Thoughts on extrapolating time horizons

Link post

(written for a Twitter audience)

Has AI progress slowed down? I’ll write some personal takes and predictions in this post.

The main metric I look at is METR’s time horizon, which measures the length of tasks agents can perform. It has been doubling for more than 6 years now, and might have sped up recently.

Image

By measuring the length of tasks AI agents can complete, we can get a continuous metric of AI capabilities.

Since 2019, the time horizon has been doubling every 7 months. But since 2024, it’s been doubling every 4 months. What if we irresponsibly extrapolated these to 2030?

Image

If AI progress continues at its recent rate, we get AI systems which can do one month (167 hours) of low-context SWE work by the end of 2027. If AI progress continues at the long-run historical rate, we get them by the end of 2029 instead.

Image

How to interpret one work-month? I’d say it’s something like the first project a new hire would do, or the type of work a researcher who just switched teams would be able to do in a month. Our time horizon metric currently doesn’t define high time horizons super sharply.

Changing the success rate threshold from 50% to 80% only shifts the extrapolation from recent progress by a few months, but shifts the extrapolation from the long-run historical rate by around a year.

Image

I don’t think these lines should be extrapolated much past one work-month, as progress will likely speed up even more once AIs are automating significant parts of AI research. Additionally, bottlenecks identified by Epoch AI might slow down compute scaling around 2030. https://​​epoch.ai/​​blog/​​can-ai-scaling-continue-through-2030

Our task suite is currently composed of well-scoped easily-scoreable tasks, which makes them pretty different from the type of work done in the real world. This means that we should be cautious when interpreting these extrapolations.
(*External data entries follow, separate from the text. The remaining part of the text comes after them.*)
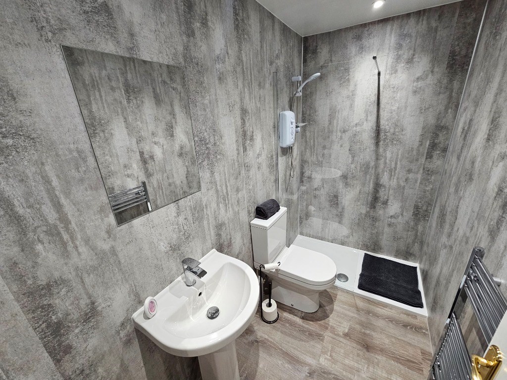 Open plan kitchen living room with full size fridge freezer, dishwasher and washing machine: Modern shower room: Double bedroom with storage.
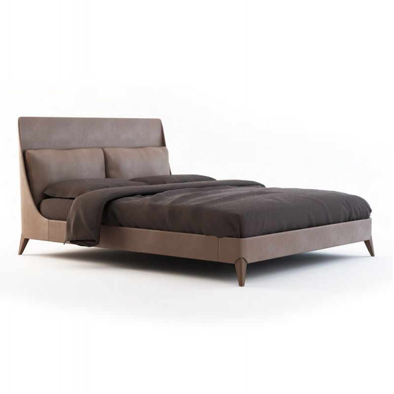 Кровать FUTURA от итальянской фабрики FORMITALIA – воплощение элегантности и комфорта. Модель представлена в двух вариантах: с обивкой из кожи Newskin цвета 1616 и ножками из массива ореха Каналетто или в коже набуке оттенка какао с ясеневыми ножками в черном цвете.
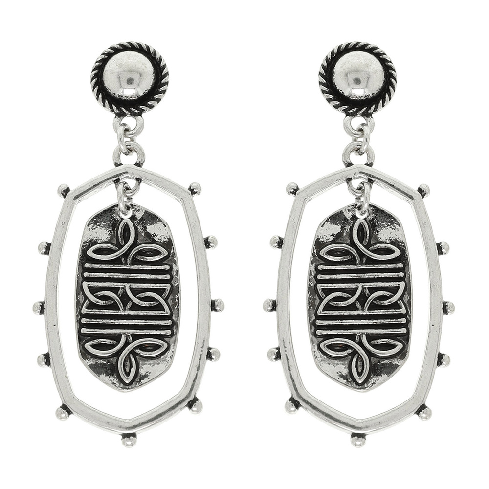 WESTERN BOOT STITCH OVAL SHAPE DANGLE EARRINGS IN OXIDIZED SILVER TONE METAL
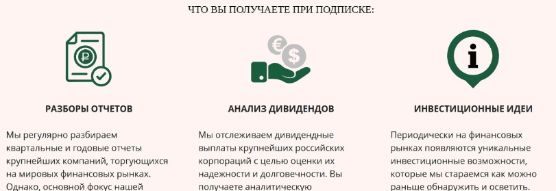 Материалы таких разделов как: Разбор отчетов компаний, Дивидендные истории, События на рынке, Инвестиционные идеи.
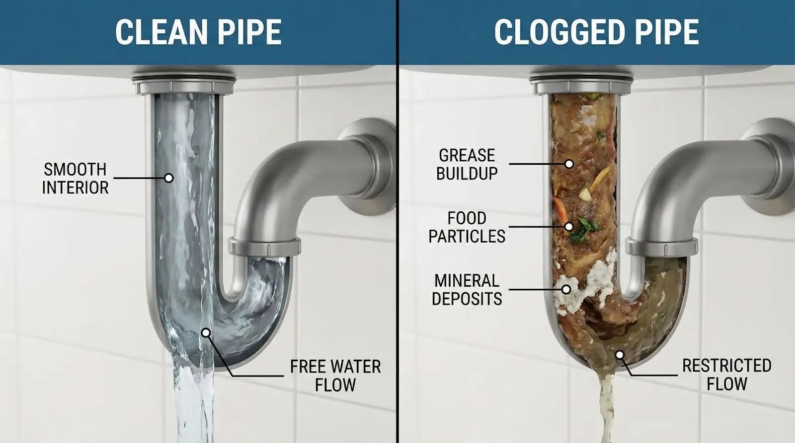 Food doesn’t need to be large to cause problems. Tiny particles accumulate over time, especially in the P-trap—the curved section of pipe under your sink designed to hold water and block sewer gases.
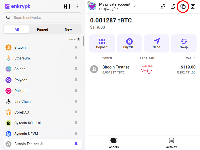 Copy your Bitcoin Testnet wallet address from Enkrypt by clicking the copy icon.
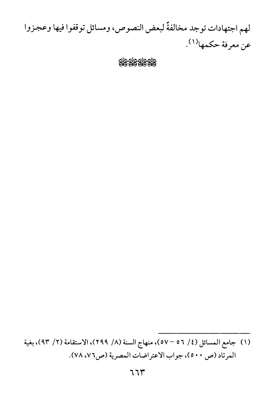 (¬١) جامع المسائل (٤/ ٥٦ - ٥٧)، منهاج السنة (٨/ ٢٩٩)، الاستقامة (٢/ ٩٣)، بغية المرتاد (ص ٥٠٠)، جواب الاعتراضات المصرية (ص ٧٦، ٧٨).
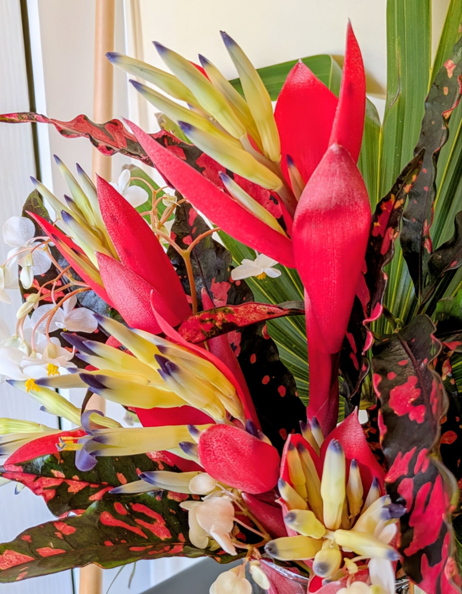 The red, yellow and blue flowers are from Billbergia vittata, a bromeliad that is obviously cold hardy. I would like to know the variety, but have no clue! Red and black (yea, weird) foliage is from Pie Crust Croton (Codieum varigatum) White flowers are Sweet Begonia (Begonia odorata ‘Alba’) this is a very common winter bedding plant here. I usually have them year round and take cuttings for new ones as needed. The frond providing background drama is from the native Thatch Palm (Thrinax radiata). These are so slow growing it is laughable. I bought one about ten years ago – it is not 3 feet tall yet.

My best guess is that future models will be a closer fit to the extrapolation from recent progress than the extrapolation from long-run progress. But even the more conservative trend implies that AIs will be doing month-long tasks by the end of the decade.

More concretely, my median is that AI research will be automated by the end of 2028, and AI will be better than humans at >95% of current intellectual labor by the end of 2029.